*DATASET CONTENT*
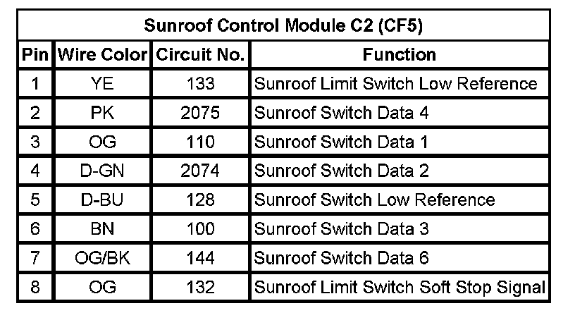 Sunroof Control Module C2 (CF5)
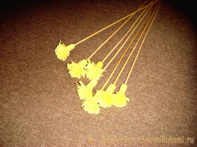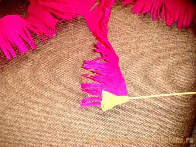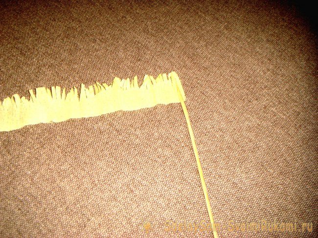 Для этого возьмите одну деревянную палочку и приложите ее к краю желтой полосочки. Бахрома должна находиться выше края шпажки.
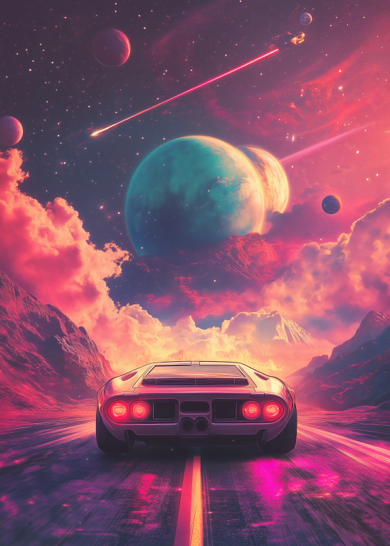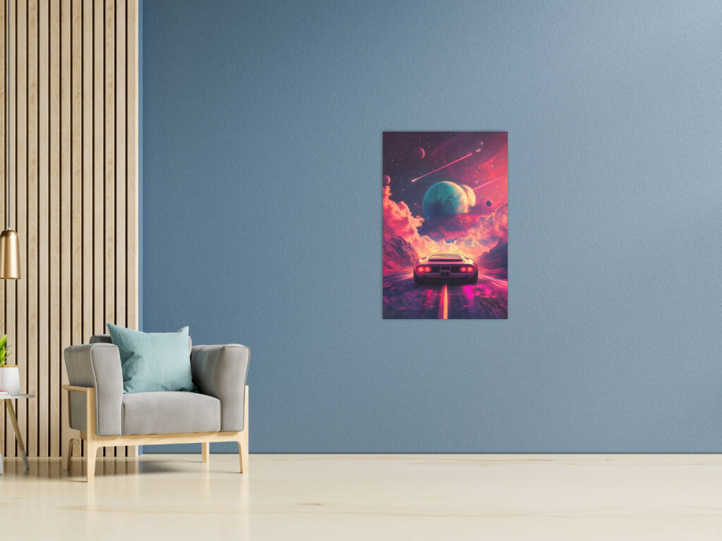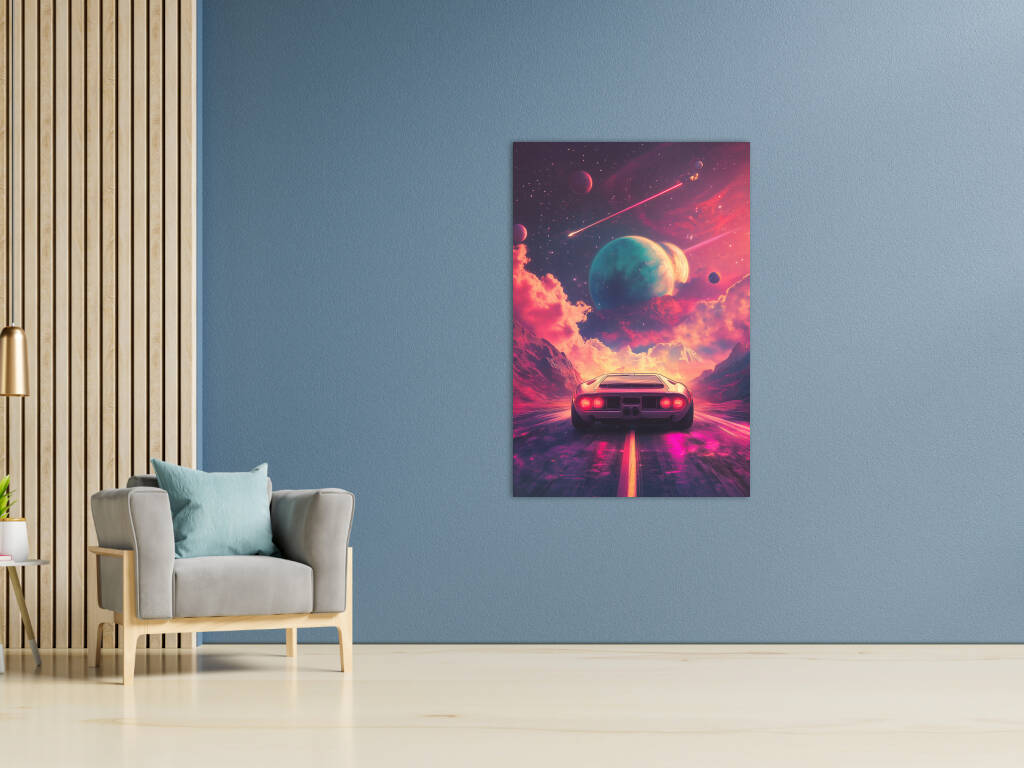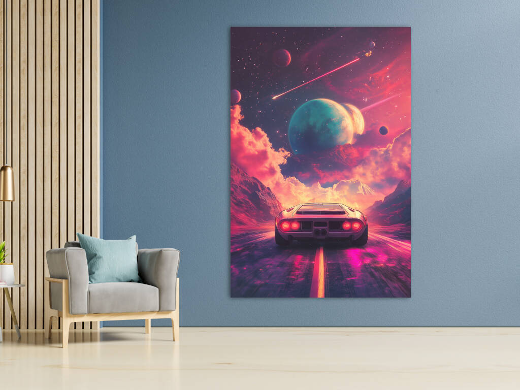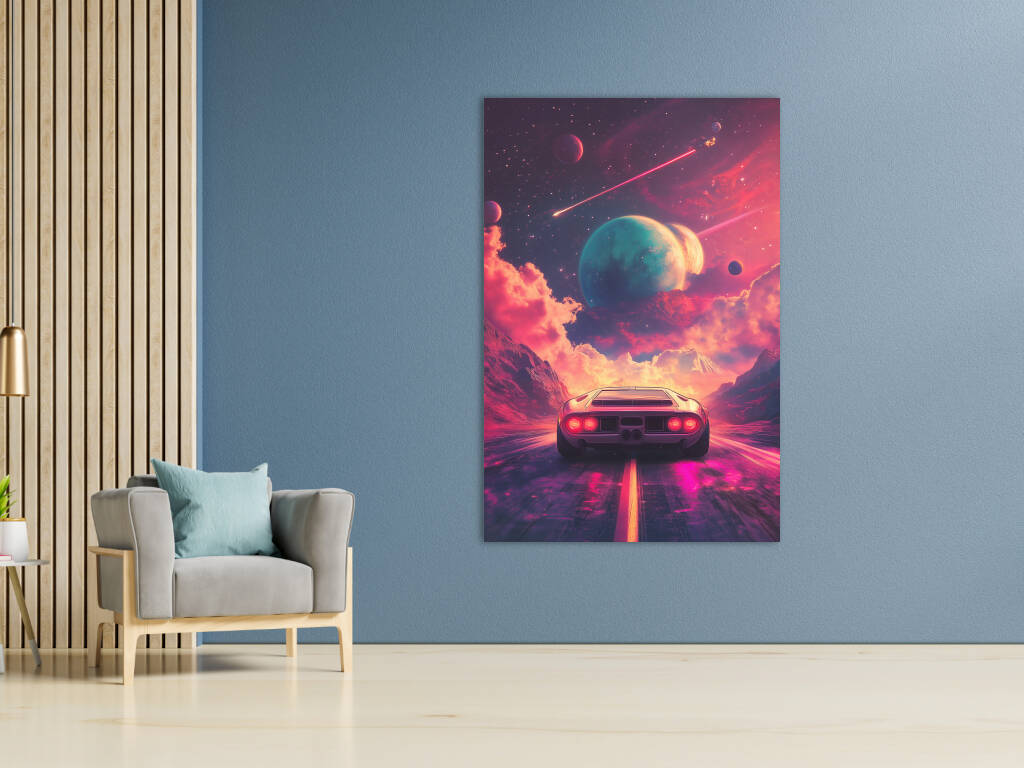 Road to Space neemt je mee op een epische reis waar een sportauto over een kosmische snelweg racet richting verre planeten en sterrennevels. De vurige roze en paarse tinten van de galactische hemel creëren een adembenemend decor voor dit futuristische avontuur. Dit spectaculaire kunstwerk combineert retro-wave esthetiek met science fiction fantasie op een manier die zowel nostalgisch als toekomstgericht is. Perfect voor dromerige zielen die verlangen naar grenzeloze mogelijkheden en kosmische avonturen.

*YOUR TASK*
Any picture in the material is to be dropped; the rest is repeated exactly.

*EXERCISE OUTPUT*
 Sunroof Control Module C2 (CF5)
 Для этого возьмите одну деревянную палочку и приложите ее к краю желтой полосочки. Бахрома должна находиться выше края шпажки.
 Road to Space neemt je mee op een epische reis waar een sportauto over een kosmische snelweg racet richting verre planeten en sterrennevels. De vurige roze en paarse tinten van de galactische hemel creëren een adembenemend decor voor dit futuristische avontuur. Dit spectaculaire kunstwerk combineert retro-wave esthetiek met science fiction fantasie op een manier die zowel nostalgisch als toekomstgericht is. Perfect voor dromerige zielen die verlangen naar grenzeloze mogelijkheden en kosmische avonturen.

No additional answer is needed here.